Прочитав письмо Бабефа, директоры расхохотались. Теперь те же слова повторял не анархист, но республиканский генерал Гош: «Раскройте глаза! Друзья вас покинули. Надо спасать республику. Почему говорят о террористах? Где они? Я вижу повсюду врагов — шуанов». На улицах Парижа начали появляться белые флаги. Директория ответила пышным празднованием годовщины девятого термидора. Горбун Леревельер особенно любил помпезные шествия, гирлянды, колесницы, фейерверк. С восторгом он надел парадную шляпу. Народу собралось немного. Когда граждане директоры крикнули «да здравствует республика!», их никто не поддержал: друзья республики ненавидели Директорию, а враги предпочитали иные, более откровенные лозунги.

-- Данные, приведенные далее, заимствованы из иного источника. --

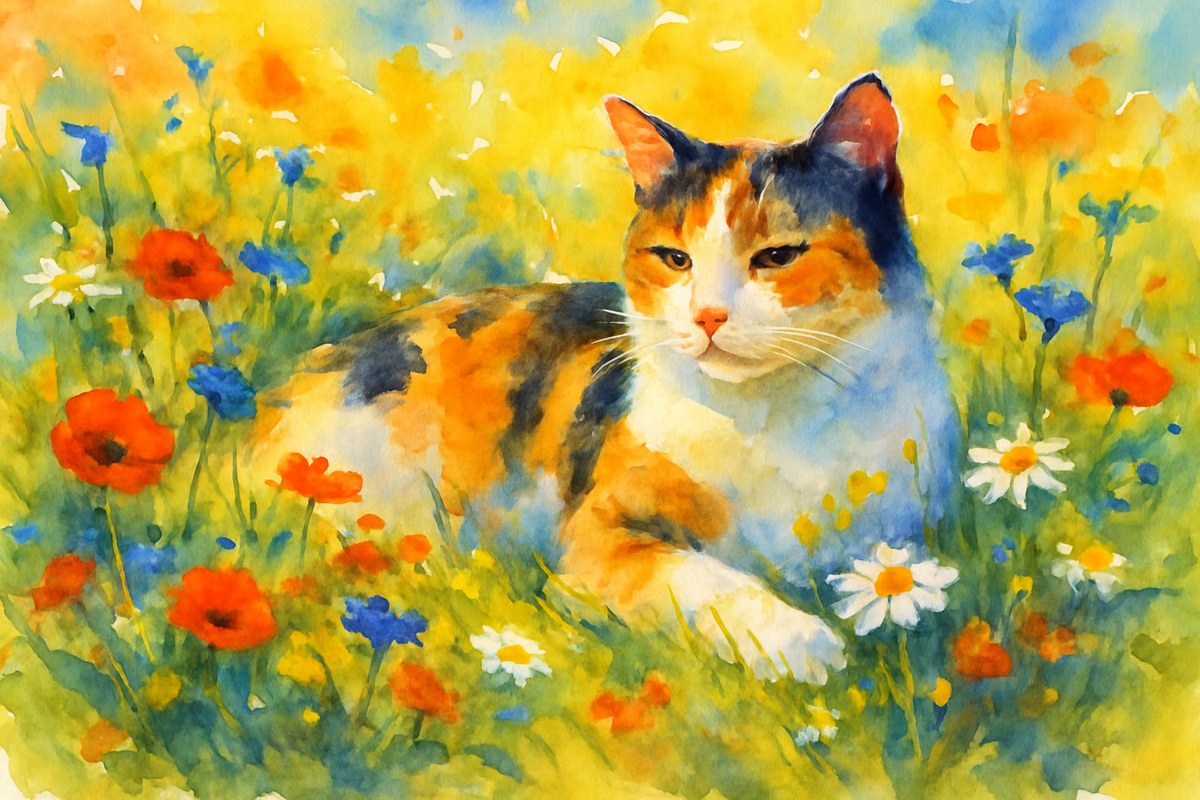 ![]() Calico Meadow | Purr-Auguste Renoir | landscapes | Watercolor on Paper | $1,550 | $199 | 2023 | |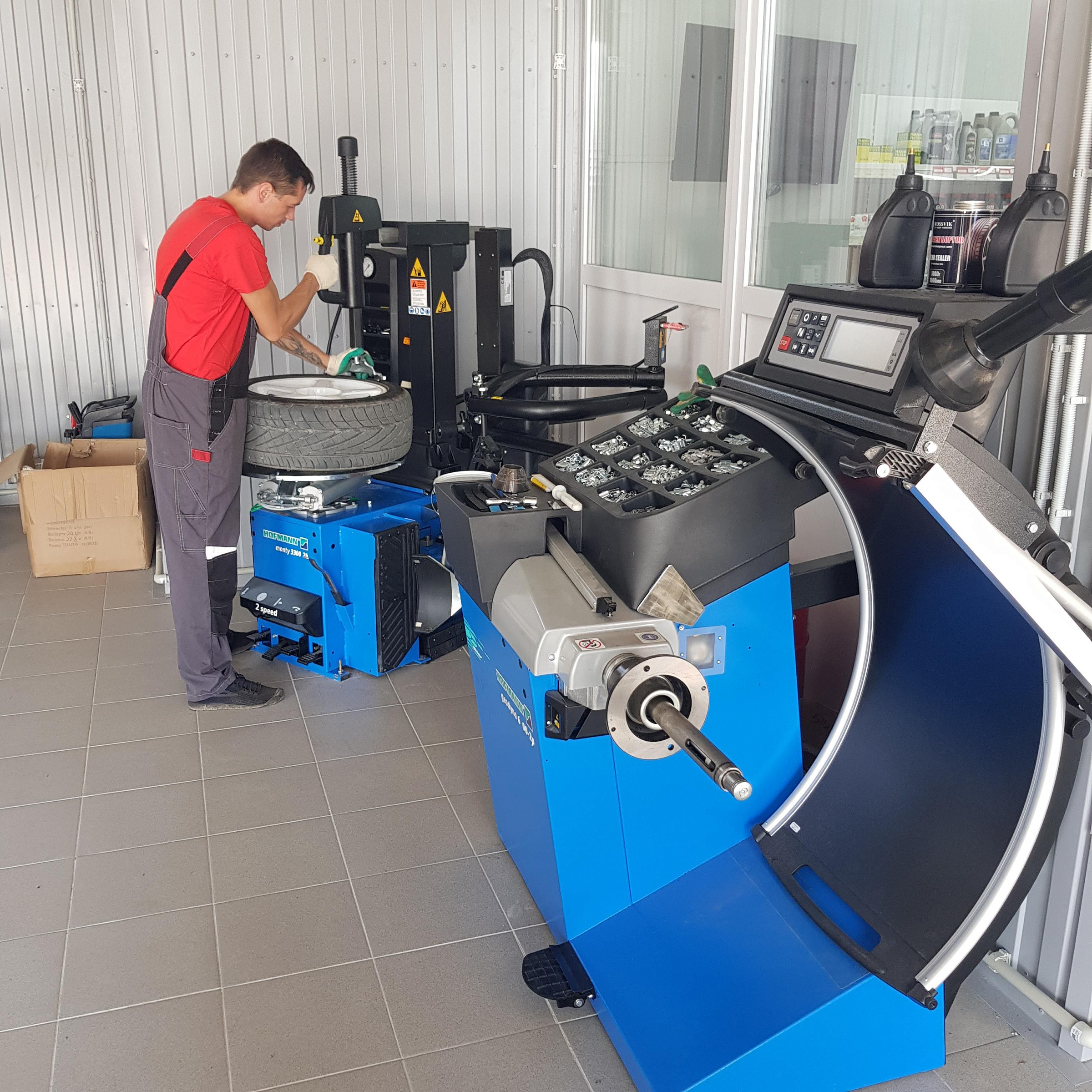 Приятно удивили работой: колеса поменяли оперативно, старые аккуратно упаковали и сложили в багажник. Видно, что мастера работают профессионально. Есть удобная зона ожидания с экраном - можно наблюдать за процессом.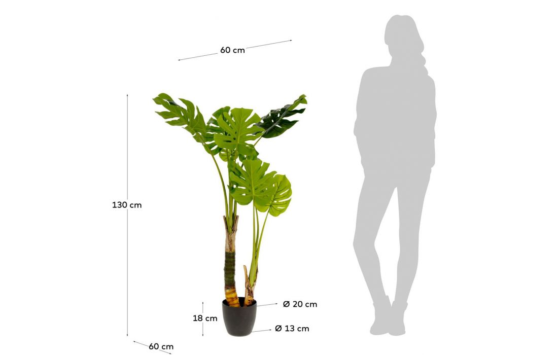 Planta decorativa Monstera, 120 cm de altura, com vaso incluído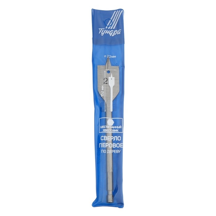 Сверло по дереву перовое ТУНДРА, шестигранный хвостовик, 22 х 152 мм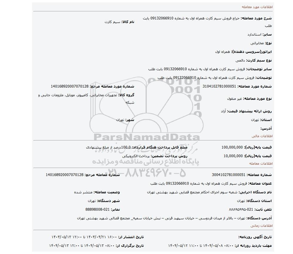 | عنوان معامله: فروش سیم کارت همراه اول به شماره 09132066910 بابت طلب | ||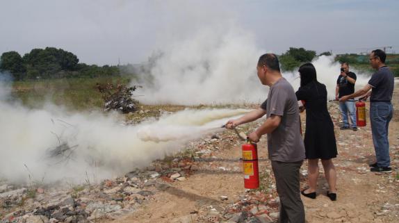 宋平、袁勇和杨兰芳一直鼓励大家特别是女生,勇敢的尝试灭火,学会正确使用灭火器。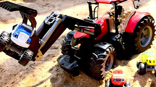 Вспыш, Крушила и машинки Bruder. Большой красный трактор, стройка и домик. Игры в песке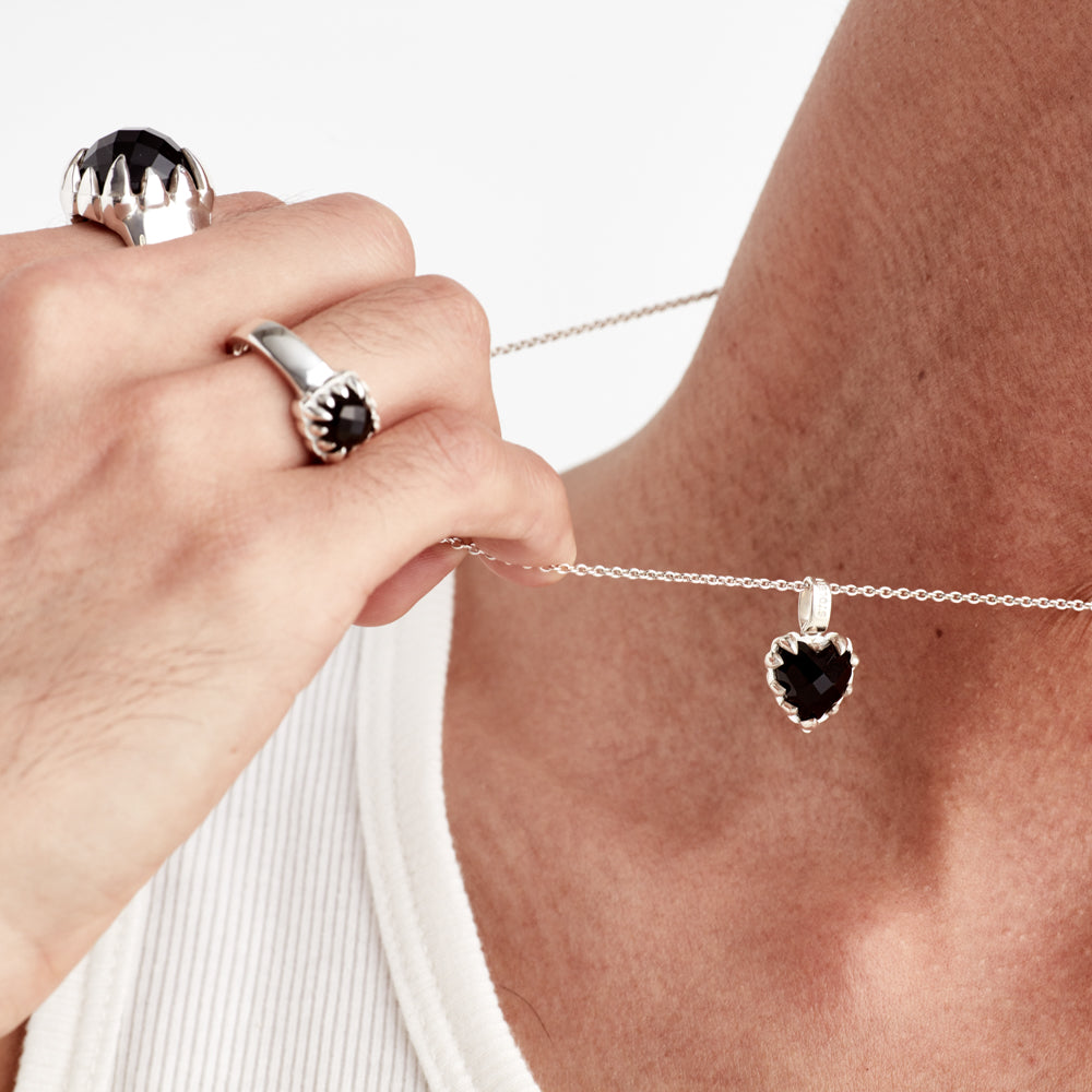 The bold onyx gemstone helps to defend against negativity, has protective energies and fortifies self confidence. Crafted in sterling silver.

Полиция, разумеется, работала. Перед роялистами она пасовала: у роялистов были деньги и связи. Зато арестовывали крупных преступников. Так, например, в тюрьму была доставлена бывшая кухарка бывшего графа Шалябра, у которой нашли на груди портрет злодея Марата.
Не все бывшие кухарки или бывшие дворники продолжали чтить память «друга народа». Некоторые вышли в люди и презирали свое прошлое. Они хорошо зарабатывали. Гражданин Пио в течение одного года поставками и спекуляцией нажил два дома в Париже, сто десятин земли в Курбвуа, дом в Пасси за семь миллионов ассигнациями, наконец два колониальных магазина, один в Марселе, другой в Бордо. Таких Пио было немало. Они поддерживали Директорию против санкюлотов и против эмигрантов.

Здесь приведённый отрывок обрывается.